In a retrospective study of 461 IPF cases, AE-IPF was the most frequent cause for the deterioration of IPF, accounting for 55.2% of the cases [7]. In another review, the ICU mortality of AE-IPF was from 56% to 100%, meanwhile the hospital mortality was 56% to 100% [5]. It is crucial to accurately identify the high risk of AE-IPF patients for optimizing their management and providing personalized care.

Currently, biological data grow and become more complex, machine learning is being applied to build predictive and informative models of these processes [8]. For example, analyzing primary care data to develop and validate a prognostic model for assessing methotrexate toxicity in immune-mediated inflammatory diseases [9]. According to percentage predicted forced vital capacity and PaO2/FiO2 levels, an interstitial lung disease prognosis model was developed for patients with AE rheumatoid arthritis [10]. The gender, age, physiology (GAP) model was used to determine disease severity in the idiopathic pulmonary fibrosis [11]. Notably, blood test results are the easiest to obtain.

There have been reports of immune cell disorders in patients with IPF [12, 13]. It has been demonstrated that certain patients with similar pulmonary fibrosis, such as COVID-19, have immune cell infiltration in the lungs and a decrease in CD4+ T and CD8+ T in the peripheral blood [14]. In this study, immunological data from the electronic medical record system of West China Hospital of Sichuan University were used to develop and validate a diagnosis model for AE-IPF. For patients with AE-IPF, it would be beneficial to predict the likelihood of clinically significant abnormal blood test results. In order to better understand this risk, we developed and validated a diagnosis model to estimate the risk of clinically significant idiopathic pulmonary fibrosis patients experiencing acute exacerbations.

Methods

In this retrospective cohort study performed from 1 January 2016 to 31 December 2022, we used data from the electronic medical record system of West China Hospital of Sichuan University (WCHSCU) for model development and validation. As WCHSCU is the largest general hospital in Southwest China and is representative of the patients for the database. The electronic medical record system includes information on demographic factors, basic diseases (hypertension, diabetes, cardiovascular disease, etc.), complications at the onset (pulmonary hypertension, gastroesophageal reflux disease, etc.), blood test results, and smoking status. According to TRIPOD guidelines, this study is transparently reporting multivariable prediction models for individual diagnosis [15].

Study population

This retrospective study enrolled consecutive IPF patients who were hospitalized in the West China Hospital of Sichuan University between 1 January 2016 and 31 December 2022. 444 patients were selected to construct the prediction model. 45.5% of patients received anti-fibrotic therapy, meanwhile, 56.3% of patients received oxygen supply (Additional file 1: Table S1). Data should be collected on AE-IPF diagnosis if it existed; otherwise, data should be collected on the first exam the patient underwent.
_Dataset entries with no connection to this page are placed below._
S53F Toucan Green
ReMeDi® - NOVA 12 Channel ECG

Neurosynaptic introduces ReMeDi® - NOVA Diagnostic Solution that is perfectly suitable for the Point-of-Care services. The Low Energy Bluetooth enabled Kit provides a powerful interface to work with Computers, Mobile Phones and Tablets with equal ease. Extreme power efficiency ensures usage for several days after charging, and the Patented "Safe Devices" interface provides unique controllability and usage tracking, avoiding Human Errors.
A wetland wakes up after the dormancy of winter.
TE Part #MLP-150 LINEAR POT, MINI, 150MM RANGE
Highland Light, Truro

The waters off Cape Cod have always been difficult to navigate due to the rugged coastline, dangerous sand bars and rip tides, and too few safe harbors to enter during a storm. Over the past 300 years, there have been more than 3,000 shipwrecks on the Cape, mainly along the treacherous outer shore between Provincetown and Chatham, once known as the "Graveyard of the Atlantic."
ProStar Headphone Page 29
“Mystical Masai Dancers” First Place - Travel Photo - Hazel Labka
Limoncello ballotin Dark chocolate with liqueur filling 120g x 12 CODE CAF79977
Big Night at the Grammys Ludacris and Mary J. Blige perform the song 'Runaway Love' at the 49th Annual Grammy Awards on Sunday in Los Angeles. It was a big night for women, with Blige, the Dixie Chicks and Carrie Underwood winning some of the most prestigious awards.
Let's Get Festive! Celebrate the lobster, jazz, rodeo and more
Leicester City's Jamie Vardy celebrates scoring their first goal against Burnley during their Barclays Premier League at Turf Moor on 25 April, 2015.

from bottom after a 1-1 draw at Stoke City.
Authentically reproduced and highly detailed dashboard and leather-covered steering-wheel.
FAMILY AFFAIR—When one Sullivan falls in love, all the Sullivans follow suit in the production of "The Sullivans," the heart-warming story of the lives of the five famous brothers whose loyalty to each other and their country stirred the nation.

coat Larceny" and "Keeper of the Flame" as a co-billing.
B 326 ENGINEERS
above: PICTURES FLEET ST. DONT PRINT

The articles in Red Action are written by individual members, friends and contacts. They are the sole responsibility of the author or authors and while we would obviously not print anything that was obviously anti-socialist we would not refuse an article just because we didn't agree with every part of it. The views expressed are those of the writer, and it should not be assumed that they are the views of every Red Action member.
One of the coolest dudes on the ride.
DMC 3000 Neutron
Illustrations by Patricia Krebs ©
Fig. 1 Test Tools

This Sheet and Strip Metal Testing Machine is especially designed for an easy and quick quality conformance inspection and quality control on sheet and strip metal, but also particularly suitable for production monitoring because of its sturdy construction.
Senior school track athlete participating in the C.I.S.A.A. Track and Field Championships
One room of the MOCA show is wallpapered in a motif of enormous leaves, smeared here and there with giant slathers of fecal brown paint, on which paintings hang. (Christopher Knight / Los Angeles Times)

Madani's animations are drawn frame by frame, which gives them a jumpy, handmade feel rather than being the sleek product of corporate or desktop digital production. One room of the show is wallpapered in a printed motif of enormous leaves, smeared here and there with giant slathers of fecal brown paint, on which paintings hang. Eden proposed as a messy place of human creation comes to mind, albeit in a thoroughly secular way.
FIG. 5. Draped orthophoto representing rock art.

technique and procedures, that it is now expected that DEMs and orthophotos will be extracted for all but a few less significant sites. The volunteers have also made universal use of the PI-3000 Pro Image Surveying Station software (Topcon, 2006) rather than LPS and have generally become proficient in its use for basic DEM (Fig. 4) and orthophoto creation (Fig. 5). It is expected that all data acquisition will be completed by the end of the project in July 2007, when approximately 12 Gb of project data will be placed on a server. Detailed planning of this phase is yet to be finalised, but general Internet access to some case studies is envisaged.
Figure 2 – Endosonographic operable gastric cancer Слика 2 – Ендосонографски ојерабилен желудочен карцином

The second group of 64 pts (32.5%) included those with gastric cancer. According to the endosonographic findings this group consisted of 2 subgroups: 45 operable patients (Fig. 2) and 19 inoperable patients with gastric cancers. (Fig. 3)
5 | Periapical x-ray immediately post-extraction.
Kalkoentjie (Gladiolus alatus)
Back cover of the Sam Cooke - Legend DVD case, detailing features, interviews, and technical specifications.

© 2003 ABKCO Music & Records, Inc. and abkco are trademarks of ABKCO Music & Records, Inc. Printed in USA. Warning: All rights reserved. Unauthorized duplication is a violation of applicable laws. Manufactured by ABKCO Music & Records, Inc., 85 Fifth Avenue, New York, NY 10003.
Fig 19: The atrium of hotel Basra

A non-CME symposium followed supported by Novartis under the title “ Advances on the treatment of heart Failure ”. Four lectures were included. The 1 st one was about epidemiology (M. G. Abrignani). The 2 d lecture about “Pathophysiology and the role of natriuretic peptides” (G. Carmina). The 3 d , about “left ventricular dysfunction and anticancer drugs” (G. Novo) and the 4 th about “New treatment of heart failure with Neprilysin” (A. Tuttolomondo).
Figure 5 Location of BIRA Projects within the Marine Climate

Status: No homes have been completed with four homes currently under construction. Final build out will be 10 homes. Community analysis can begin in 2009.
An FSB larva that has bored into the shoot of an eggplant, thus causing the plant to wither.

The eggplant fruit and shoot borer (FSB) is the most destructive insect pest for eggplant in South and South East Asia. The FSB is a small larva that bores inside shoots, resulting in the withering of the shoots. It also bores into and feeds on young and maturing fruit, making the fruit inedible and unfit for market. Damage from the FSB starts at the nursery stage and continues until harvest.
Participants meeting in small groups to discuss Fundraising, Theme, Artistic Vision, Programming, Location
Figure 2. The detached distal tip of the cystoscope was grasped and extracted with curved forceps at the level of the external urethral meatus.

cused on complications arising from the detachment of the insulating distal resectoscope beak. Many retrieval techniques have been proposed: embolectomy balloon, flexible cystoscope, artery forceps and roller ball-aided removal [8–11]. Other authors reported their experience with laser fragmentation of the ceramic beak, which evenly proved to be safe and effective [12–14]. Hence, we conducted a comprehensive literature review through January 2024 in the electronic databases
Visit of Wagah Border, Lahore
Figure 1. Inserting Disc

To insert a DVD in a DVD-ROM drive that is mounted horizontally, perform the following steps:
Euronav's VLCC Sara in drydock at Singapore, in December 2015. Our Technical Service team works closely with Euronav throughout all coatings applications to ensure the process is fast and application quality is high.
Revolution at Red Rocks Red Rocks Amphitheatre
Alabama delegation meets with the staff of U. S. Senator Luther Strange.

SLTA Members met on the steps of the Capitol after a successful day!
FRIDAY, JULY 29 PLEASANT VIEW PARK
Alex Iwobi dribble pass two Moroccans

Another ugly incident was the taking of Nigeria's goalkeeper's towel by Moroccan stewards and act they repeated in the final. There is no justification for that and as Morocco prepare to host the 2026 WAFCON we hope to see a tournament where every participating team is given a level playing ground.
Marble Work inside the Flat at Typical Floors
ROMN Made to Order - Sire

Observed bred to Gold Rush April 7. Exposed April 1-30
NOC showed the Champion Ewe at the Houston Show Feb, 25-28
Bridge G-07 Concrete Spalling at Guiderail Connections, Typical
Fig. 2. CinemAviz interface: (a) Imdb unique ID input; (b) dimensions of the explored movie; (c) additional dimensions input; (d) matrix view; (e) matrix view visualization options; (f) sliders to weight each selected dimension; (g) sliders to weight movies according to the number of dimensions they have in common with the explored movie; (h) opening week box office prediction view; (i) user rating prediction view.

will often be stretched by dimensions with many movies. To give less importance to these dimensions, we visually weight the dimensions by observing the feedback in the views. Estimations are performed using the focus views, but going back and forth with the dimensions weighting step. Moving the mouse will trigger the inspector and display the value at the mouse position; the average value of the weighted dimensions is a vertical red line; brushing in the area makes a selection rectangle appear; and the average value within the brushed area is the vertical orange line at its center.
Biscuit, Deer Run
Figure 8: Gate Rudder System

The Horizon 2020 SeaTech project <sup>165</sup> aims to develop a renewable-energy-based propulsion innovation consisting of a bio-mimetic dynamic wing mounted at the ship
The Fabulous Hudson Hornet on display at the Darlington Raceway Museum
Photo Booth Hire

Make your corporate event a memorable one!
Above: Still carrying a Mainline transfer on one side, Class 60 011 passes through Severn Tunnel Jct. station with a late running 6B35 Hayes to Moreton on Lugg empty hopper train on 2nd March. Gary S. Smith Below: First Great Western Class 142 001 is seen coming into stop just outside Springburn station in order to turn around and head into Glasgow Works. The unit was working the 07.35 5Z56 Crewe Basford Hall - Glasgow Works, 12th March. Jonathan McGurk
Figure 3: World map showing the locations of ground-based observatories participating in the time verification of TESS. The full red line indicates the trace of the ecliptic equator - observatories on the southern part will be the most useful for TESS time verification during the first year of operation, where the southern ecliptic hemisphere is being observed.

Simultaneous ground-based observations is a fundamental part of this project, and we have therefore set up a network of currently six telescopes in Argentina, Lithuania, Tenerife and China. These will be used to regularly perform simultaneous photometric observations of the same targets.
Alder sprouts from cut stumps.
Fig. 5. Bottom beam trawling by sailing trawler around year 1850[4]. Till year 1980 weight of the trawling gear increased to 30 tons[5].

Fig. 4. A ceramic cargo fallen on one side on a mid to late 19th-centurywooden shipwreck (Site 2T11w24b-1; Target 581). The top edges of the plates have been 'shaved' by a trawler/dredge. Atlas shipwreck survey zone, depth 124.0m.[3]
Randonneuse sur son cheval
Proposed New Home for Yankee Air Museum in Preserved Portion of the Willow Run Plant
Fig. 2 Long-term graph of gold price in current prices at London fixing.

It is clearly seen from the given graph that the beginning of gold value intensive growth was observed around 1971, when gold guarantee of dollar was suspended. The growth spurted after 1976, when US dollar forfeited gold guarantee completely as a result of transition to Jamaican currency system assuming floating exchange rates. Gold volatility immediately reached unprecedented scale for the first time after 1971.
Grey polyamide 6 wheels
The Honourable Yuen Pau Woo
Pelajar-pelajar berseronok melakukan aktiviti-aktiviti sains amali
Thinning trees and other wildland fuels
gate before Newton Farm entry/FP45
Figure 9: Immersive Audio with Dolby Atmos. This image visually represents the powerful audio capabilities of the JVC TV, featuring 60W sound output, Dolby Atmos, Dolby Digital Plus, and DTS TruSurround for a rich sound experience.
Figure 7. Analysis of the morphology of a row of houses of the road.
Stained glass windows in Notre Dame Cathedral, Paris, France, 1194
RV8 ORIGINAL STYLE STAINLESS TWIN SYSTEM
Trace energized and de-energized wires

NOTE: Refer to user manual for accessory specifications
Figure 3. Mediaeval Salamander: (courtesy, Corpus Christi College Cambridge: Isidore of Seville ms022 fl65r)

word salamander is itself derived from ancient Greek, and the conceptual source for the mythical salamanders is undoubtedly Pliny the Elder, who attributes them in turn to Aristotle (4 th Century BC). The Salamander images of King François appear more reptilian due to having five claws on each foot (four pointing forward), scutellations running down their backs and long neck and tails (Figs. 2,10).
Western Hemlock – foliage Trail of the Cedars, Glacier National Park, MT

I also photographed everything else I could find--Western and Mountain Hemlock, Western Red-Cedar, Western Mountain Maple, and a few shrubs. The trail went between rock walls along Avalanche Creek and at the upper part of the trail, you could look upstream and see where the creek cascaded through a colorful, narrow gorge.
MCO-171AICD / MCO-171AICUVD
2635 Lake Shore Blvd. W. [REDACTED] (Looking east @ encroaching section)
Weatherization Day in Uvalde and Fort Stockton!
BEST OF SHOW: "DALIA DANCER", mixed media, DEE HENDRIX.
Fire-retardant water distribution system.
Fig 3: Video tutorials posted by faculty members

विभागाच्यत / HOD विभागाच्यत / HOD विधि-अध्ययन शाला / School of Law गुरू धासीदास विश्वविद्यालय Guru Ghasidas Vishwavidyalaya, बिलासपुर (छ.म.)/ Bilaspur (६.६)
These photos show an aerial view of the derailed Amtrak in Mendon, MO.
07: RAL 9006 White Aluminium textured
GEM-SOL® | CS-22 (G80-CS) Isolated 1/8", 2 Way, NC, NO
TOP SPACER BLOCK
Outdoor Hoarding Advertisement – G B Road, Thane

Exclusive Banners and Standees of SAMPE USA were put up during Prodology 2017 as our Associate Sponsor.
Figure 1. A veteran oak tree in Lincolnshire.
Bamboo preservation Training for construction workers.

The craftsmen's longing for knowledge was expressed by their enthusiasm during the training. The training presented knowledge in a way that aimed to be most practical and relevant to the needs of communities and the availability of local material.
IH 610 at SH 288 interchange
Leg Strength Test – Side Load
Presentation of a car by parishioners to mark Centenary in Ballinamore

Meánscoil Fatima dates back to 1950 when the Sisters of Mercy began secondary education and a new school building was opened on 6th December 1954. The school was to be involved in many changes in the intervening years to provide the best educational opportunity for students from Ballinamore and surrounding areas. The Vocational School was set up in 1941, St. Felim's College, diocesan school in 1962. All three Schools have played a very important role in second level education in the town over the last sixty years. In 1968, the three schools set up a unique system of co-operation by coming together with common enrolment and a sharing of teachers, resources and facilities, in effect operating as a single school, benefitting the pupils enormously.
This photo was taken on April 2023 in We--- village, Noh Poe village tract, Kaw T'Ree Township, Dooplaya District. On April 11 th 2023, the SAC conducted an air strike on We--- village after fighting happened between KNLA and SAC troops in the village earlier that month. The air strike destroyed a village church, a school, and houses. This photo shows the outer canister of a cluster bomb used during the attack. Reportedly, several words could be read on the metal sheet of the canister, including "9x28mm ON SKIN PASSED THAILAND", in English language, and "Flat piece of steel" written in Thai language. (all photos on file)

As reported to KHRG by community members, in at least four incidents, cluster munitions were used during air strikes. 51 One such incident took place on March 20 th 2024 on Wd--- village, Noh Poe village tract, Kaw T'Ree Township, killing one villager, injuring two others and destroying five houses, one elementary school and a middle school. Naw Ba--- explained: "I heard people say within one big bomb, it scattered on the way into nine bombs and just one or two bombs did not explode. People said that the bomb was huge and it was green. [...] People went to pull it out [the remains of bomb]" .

IPF was defined by the presence of bilateral reticular opacities with/without traction bronchiectasis on chest high-resolution computed tomography (HRCT). The diagnosis of IPF was confirmed through clinical features, imaging data, and medical history according to the diagnostic criteria for IPF [16]. AE-IPF was diagnosed according to the 2016 AE-IPF International Working Group report [17]. The diagnostic criteria for AE-IPF were as follows: (1) the past or presence of fibrosing ILD on HRCT; (2) acute worsening or development of deteriorative acute dyspnea typically within 1 month; (3) A new bilateral ground-glass opacity and/or consolidation superimposed on fibrosing ILD on HRCT; and (4) Unaccounted deterioration unrelated to cardiac failure or excessive fluid accumulation. This study was approved by the Clinical Trials and Biomedical Ethics Committee of West China Hospital of Sichuan University (approval number: No. 366 in 2022).

Variable collection

Variable selection would be based on physicians' opinions and immune disorders of the disease in subsequent analyses. Data pertaining to the following variables were collected from the medical records: clinical data, including the age, hypertension, etc.; laboratory data at AE onset, including 29 indicators (Table 1) and outcomes.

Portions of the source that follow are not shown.